1. Membrane Structure and Function
Chapter 5
BIOL1000
Dr. Mohamad Termos

2. Objectives Following this lecture, you should be able to describe:
Membrane Structure
Diffusion
- Simple diffusion
- Facilitated diffusion
- Channels
- Carrier Proteins
Osmosis
Active transport
- Transport by Pumps
- Transport by vesicles

3. Phospholipids Phospholipids: 1- hydrophilic phosphate head
2- two hydrophobic fatty acid chain tails
Phospholipids line up in a bilayer to form the plasma membrane.
Hydrophilic heads on the inside and outside
Hydrophobic tails in the inter-membranous space

4. Other Membrane Components
Proteins, cholesterol, and carbohydrates.
Proteins: embedded in the membrane, act as receptor or transporters
Cholesterol: embedded in the bilayer, improve fluidity of the membrane
Carbohydrate chains: attached to proteins or phospholipids, ac as recognition sites.

5. Membrane Proteins Protein functions:
Act as enzymes: facilitate reactions on the membrane
Act as receptors: receptors of extra-cellular messengers (e.g. hormones), and transfer the signal onside the cell
Act as channels: or pores that mediate passage of certain molecules

6. Diffusion Diffusion: molecule spread out.
Equilibrium: number of molecules is equal on sides of a membrane
Concentration gradient: molecules are not at equilibrium. They will move along the gradient until they reach their equilibrium point.

7. Osmosis
- Osmosis: spread out of water down their concentration gradient.
Hypotonic solution: solution with fewer solute particles.
Hypertonic solution: solution with many solute particles.
Isotonic solution: water moves from hypotonic towards hypertonic till it reaches equilibrium state called isotonic.
Semi-permeable membrane: permeable to water but not solute.

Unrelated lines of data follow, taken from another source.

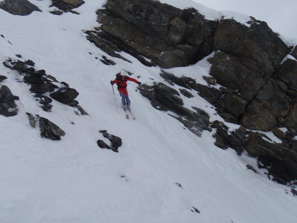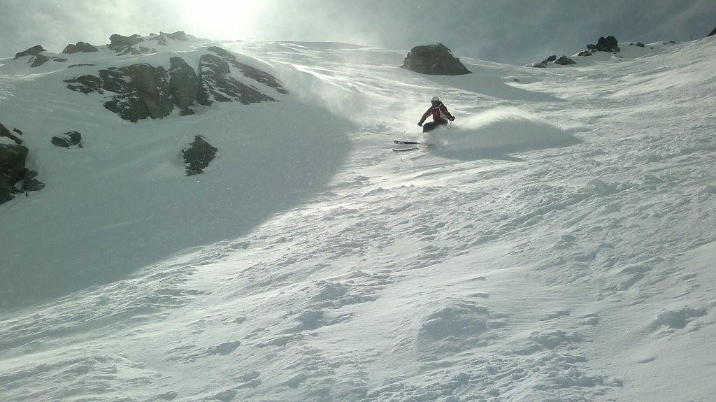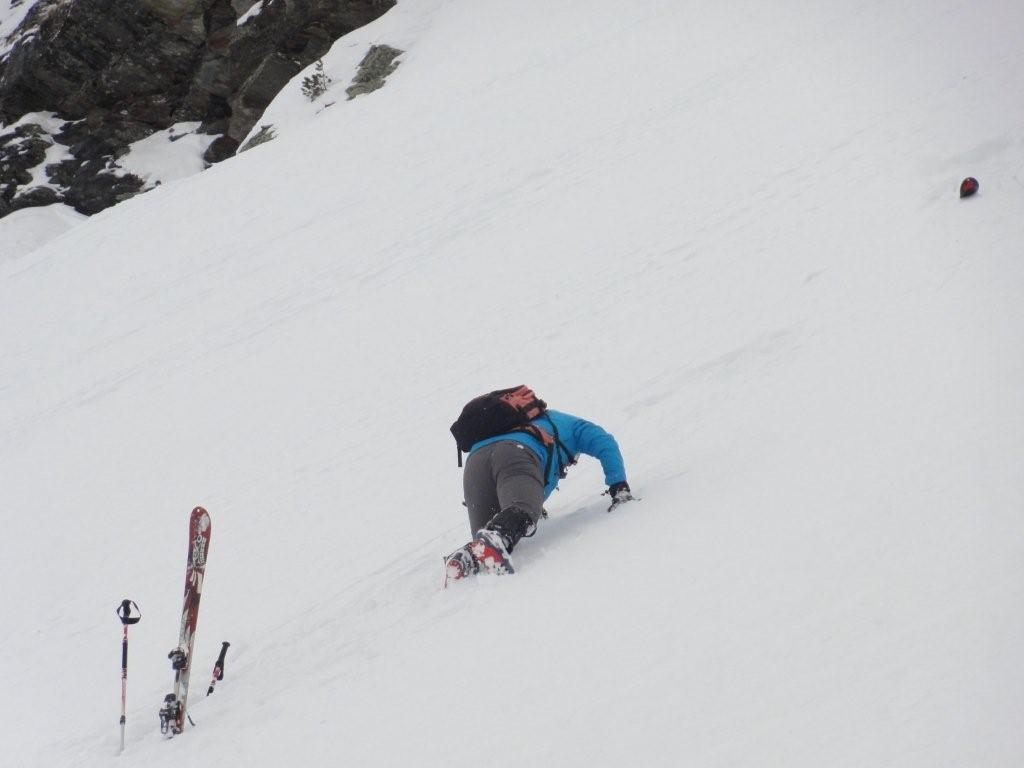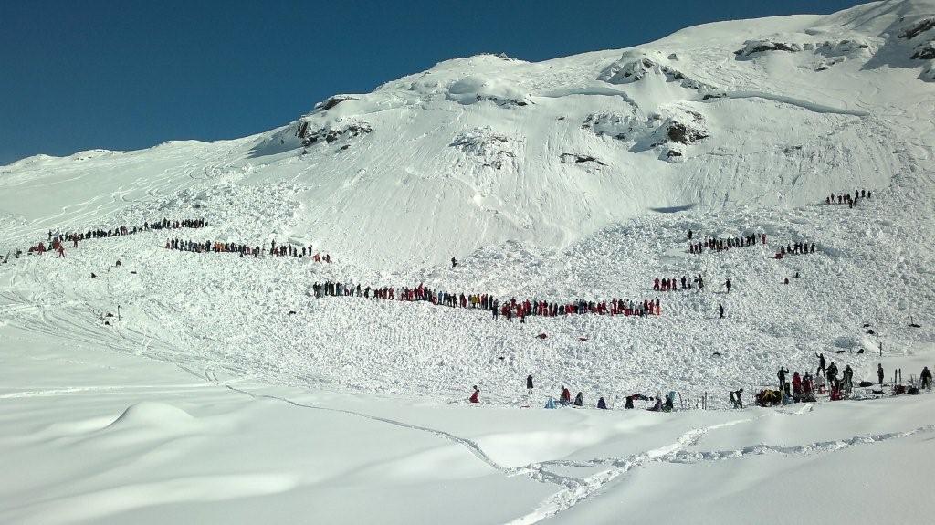 Nach 5 Tagen eher schlechter Sicht und einen Tag Regen bis auf 2000m kam der Freitag .Unsern letzter Tag in Les Menuires wollten wir auf den Caron. Zuerst fand Jochen seine Liftkarte nicht mehr er hatte sie bei der Nachttour am Vortag ausgestreut. Es hatte am Donnerstag in Les Menuires geregnet auf 1850m und erst am Abend aufgerissen. wir entschieden uns noch für eine Skitour mit Besuch bei Sophy und waren erst gegen 23 Uhr zurück. Wir sind also spät nach Val Thorens aufgebrochen aber der Ausflug lohnte sich . der Schnee über 3000m war super.Voller Euphorie machten wir ein paar Schnappschüsse bei de Rückfahrt vom Caron als ich plötzlich vor einer riesigen Abrisskante stand.Als ich die Lawine umrundet hatte kamen gerade 3 Bergretter an. Die Lawine mußte erst kurz vorher abgegangen sein. Viele Spuren führten hinein.Die Suche mit Pips und Suchhunden war negativ. Danach wurde 2h sondiert, zum Glück war keiner in der Lawine verschüttet. Immer mehr Skilehrer und Helfer beteiligten sich .Insgesamt waren es mehr als 200 Mann.Die Suchaktion war vorbildlich und ohne Zweifel notwendig, da die Unglückstelle zwischen 2 Pisten war und sehr viele Spuren hineinführten.
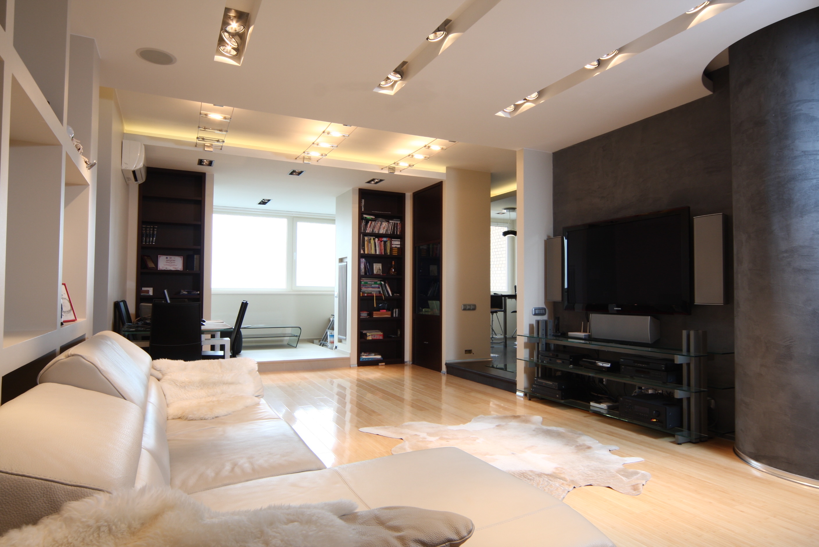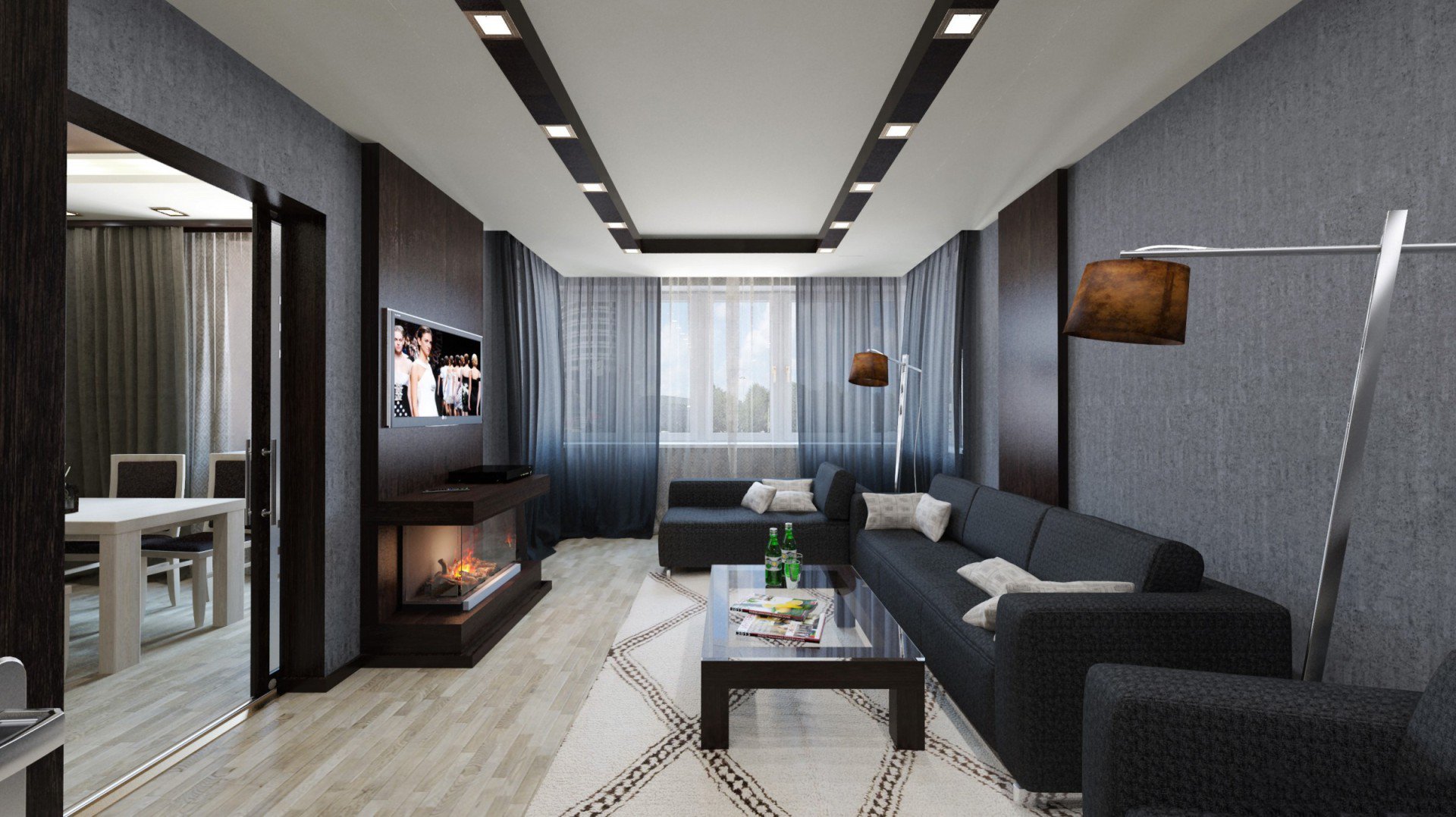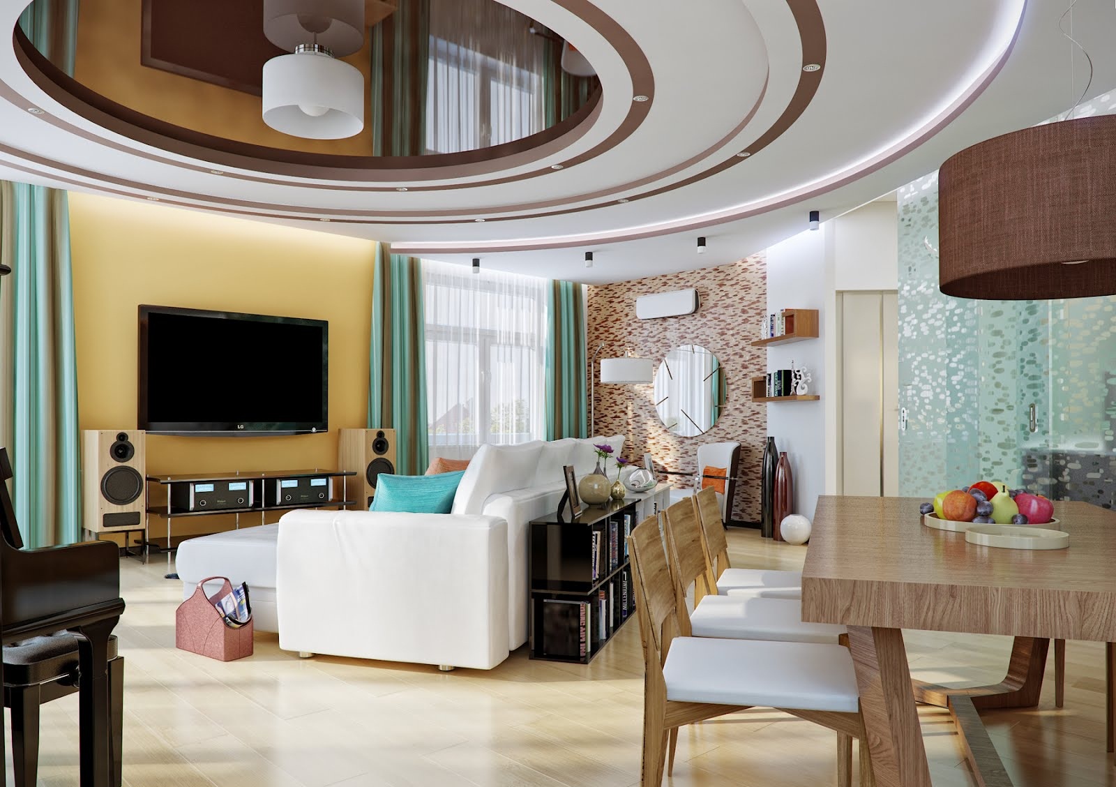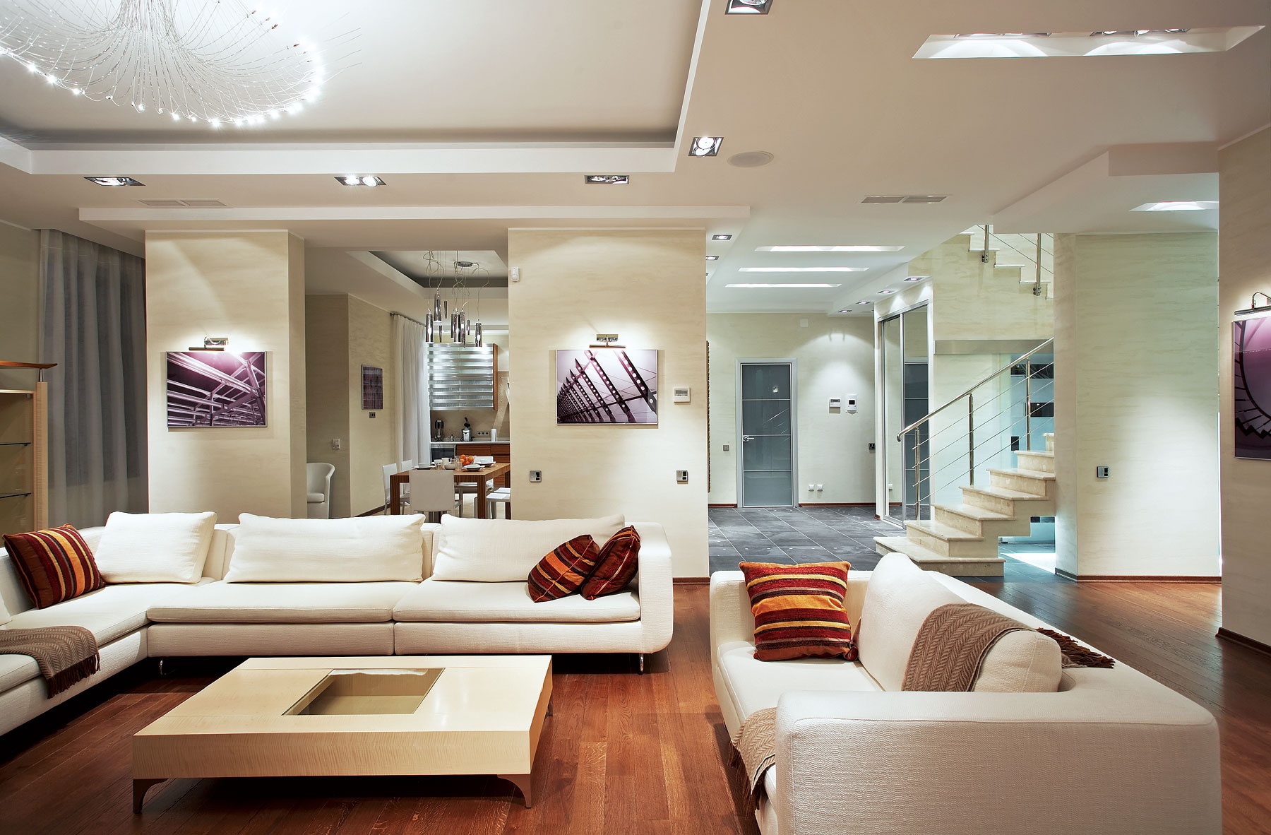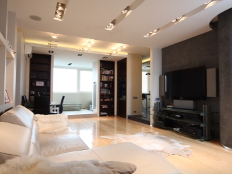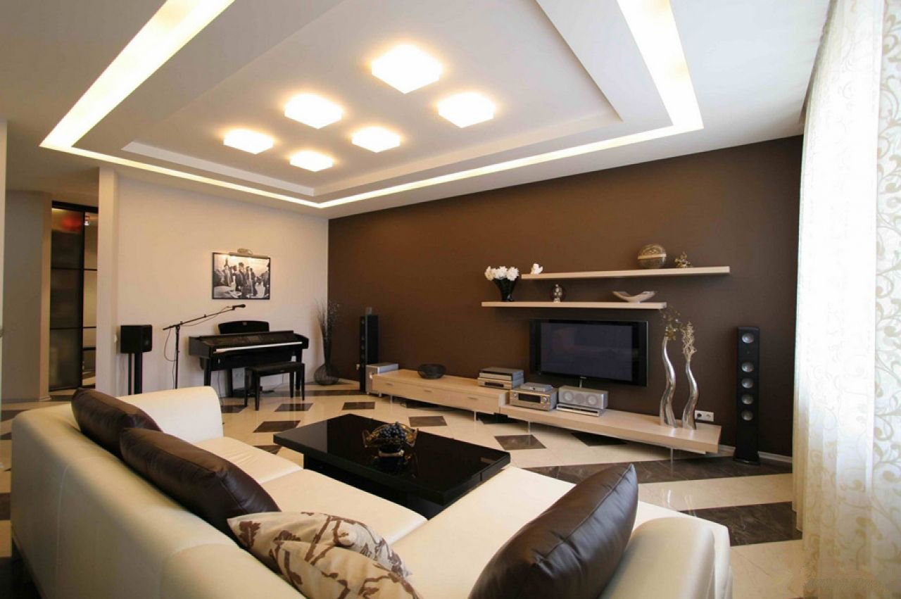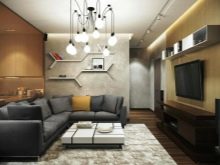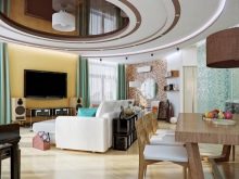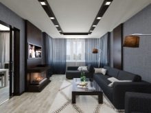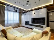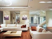 Das Wohnzimmer im modernen Stil kann mit einer streckenden, glänzenden oder matten Decke ausgestattet werden. Es kann auch geschichtet sein. In der Regel werden solche Komponenten durch Strahler oder Kronleuchter des entsprechenden Stils ergänzt.
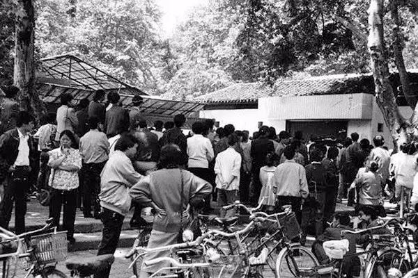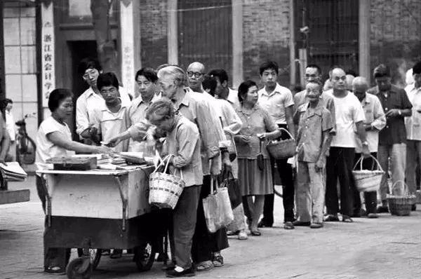 1987年,杭州,大家排队买报纸,那时的报纸和食品一样的紧张。
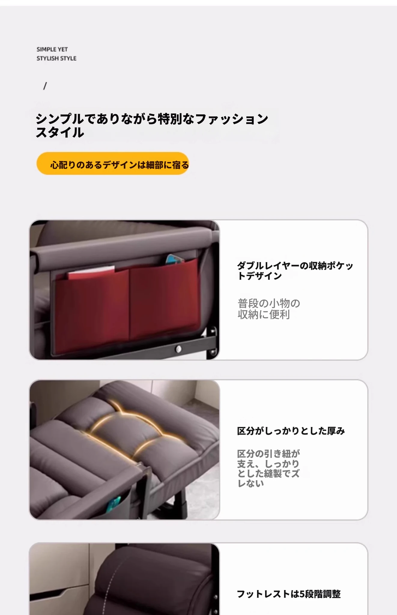 オレンジ【洗濯不要テクノロジー布】支持棒+背もたれ多段階調整 側面アームレストポケット
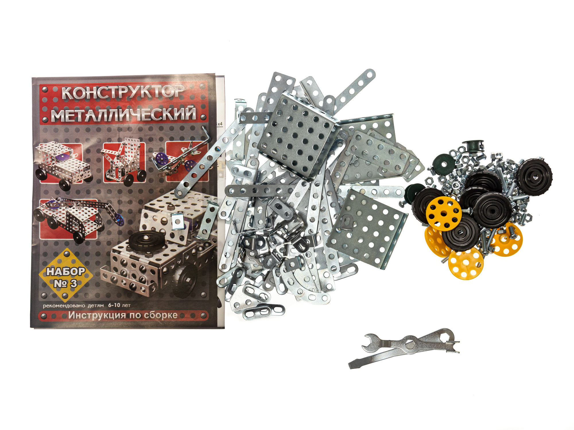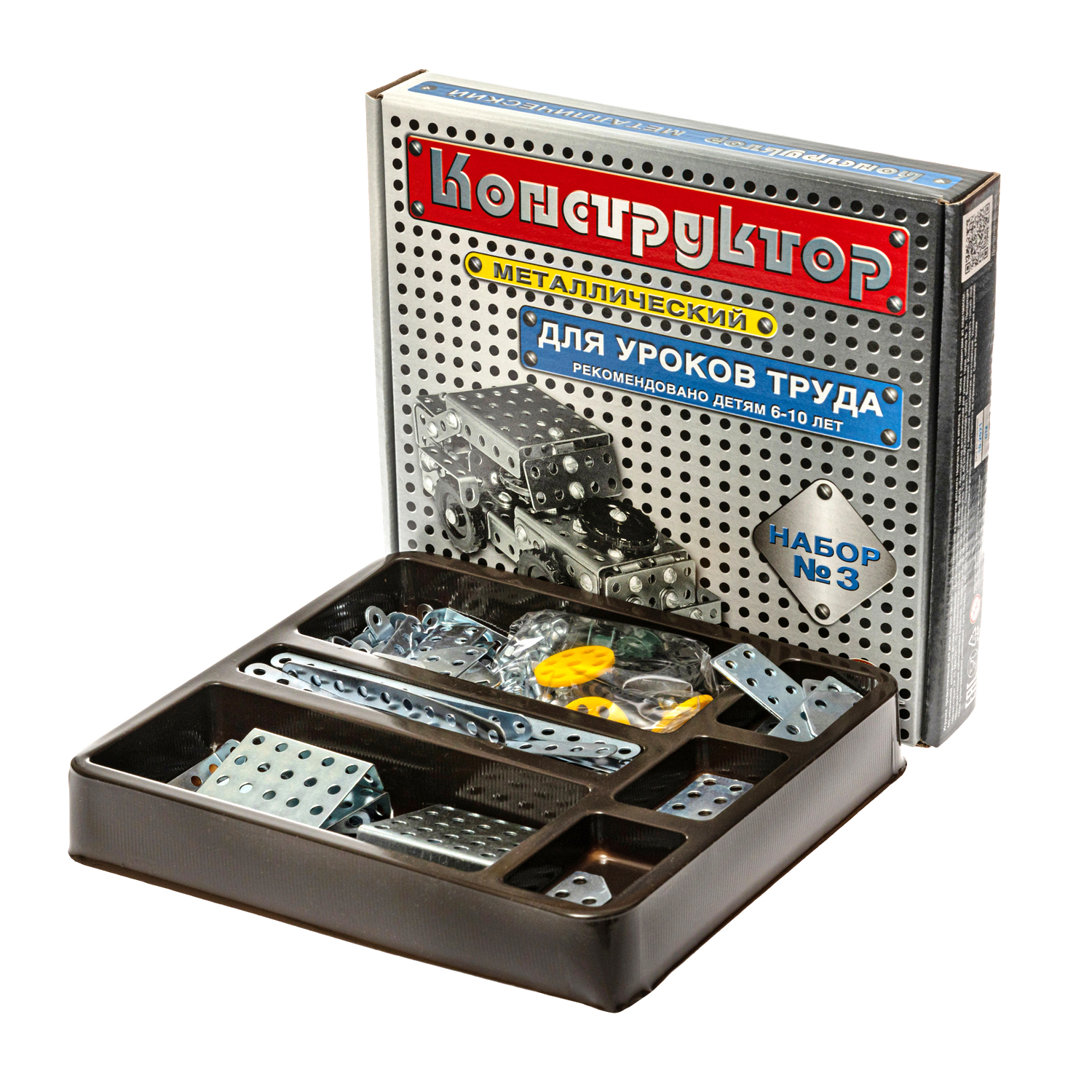 Металлический конструктор №3 для уроков труда. Состав набора: пластина 20 х 20 – 2 шт., пластина 40 х 20 – 4 шт., пластина 50 х 20 – 7 шт.; планка с 2 отверстиями – 10 шт., планка с 3 отверстиями – 4 шт., планка с 5 отверстиями – 6 шт., планка с 10 отверстиями – 6 шт., планка с 15 отверстиями – 6 шт., планка сегментная – 2 шт.; косынка I – 7 шт., косынка II – 7 шт., косынка III – 4 шт.; уголок I – 20 шт., уголок II – 2 шт.; скоба малая – 5 шт., скоба большая – 4 шт., скоба I – 3 шт., скоба II – 4 шт.; панель – 4 шт.; отвёртка – 1 шт.; ключ гаечный – 1 шт.; ось – 3 шт.; винт М 4 х 6 – 60 шт., винт М 4 х 8 – 20 шт., винт М 4 х 20 – 6 шт.; гайка М4 – 90 шт.; планшайба – 4 шт.; колесо – 6 шт.; шкив – 3 шт.; крюк – 1 шт.; инструкция. Всего – 292 элемента. Материалы: металл и пластика. Доступны к сборке 5 моделей: 2 вида автомобиля, самолёт, коляску и кран. Детали имеют размер от 2 до 15 см, толщина металла составляет 0,8 мм. Расстояние между центрами отверстий – 10 мм. Крепёж имеет резьбу М4. Занятия с набором способствуют освоению основ конструирования и инженерного дела, а также развивают мелкую моторику рук, пространственное и логическое мышление.

8. Semi-permeable Cell Membrane
Cell seeks to live in an isotonic environment
- If the surrounding solution is hypotonic (less solute), water would flow into the cell, causing it to swell and later burst.
- If the cell is in a hypertonic solution (more solute), water would leave the cell, and shrivel it up

9. Simple Vs. Facilitated Diffusion
Simple Diffusion: Small, non-polar molecules (e.g. O2, CO2)are able to cross the hydrophobic barrier.
Facilitated Diffusion: charged or polar molecules need help by special proteins (e.g. channel proteins) to pass through.
NOTE: Molecules travel with their natural concentration gradient.

10. Facilitated Diffusion
Carrier protein: Another kind of protein that can be used for facilitated diffusion.
Carrier proteins allow hydrophilic molecules to pass through the hydrophobic membrane, like channel proteins. But instead of acting like a pore they act like a revolving door.

11. Carrier proteins
They trap a molecule, then change conformation to let it out on the other side.
Again, since the molecules are traveling with their concentration gradient, this process is till a type of diffusion

12. Active Transport
Active Transport: Movement of molecules against their concentration gradient. This needs energy (ATP) unlike the other types of movements.
In this diagram, ATP is being used to shuttle sodium ions out of the cell, and potassium ions into the cell. This is called sodium-potassium ATPase pump, and is very common on most cell membranes, especially nerve cells.

13. Transport by Vesicles
Endocytosis: Is the process of the membrane creating a pocket around molecules, and pinching off into the cell. Often, this process will bring in several molecules at once. Inside the cell, the membranous pocket can be broken down and the contents can be let out, into the cytoplasm.
Exocytosis: The opposite to endo. Molecules inside of the cell need to leave, they can be packaged inside membranous vesicles and pushed towards the cell membrane. When the vesicle arrives, its wall fuses with the cell’s membrane, and lets the contents of the vesicle spill out into the extra-cellular fluid.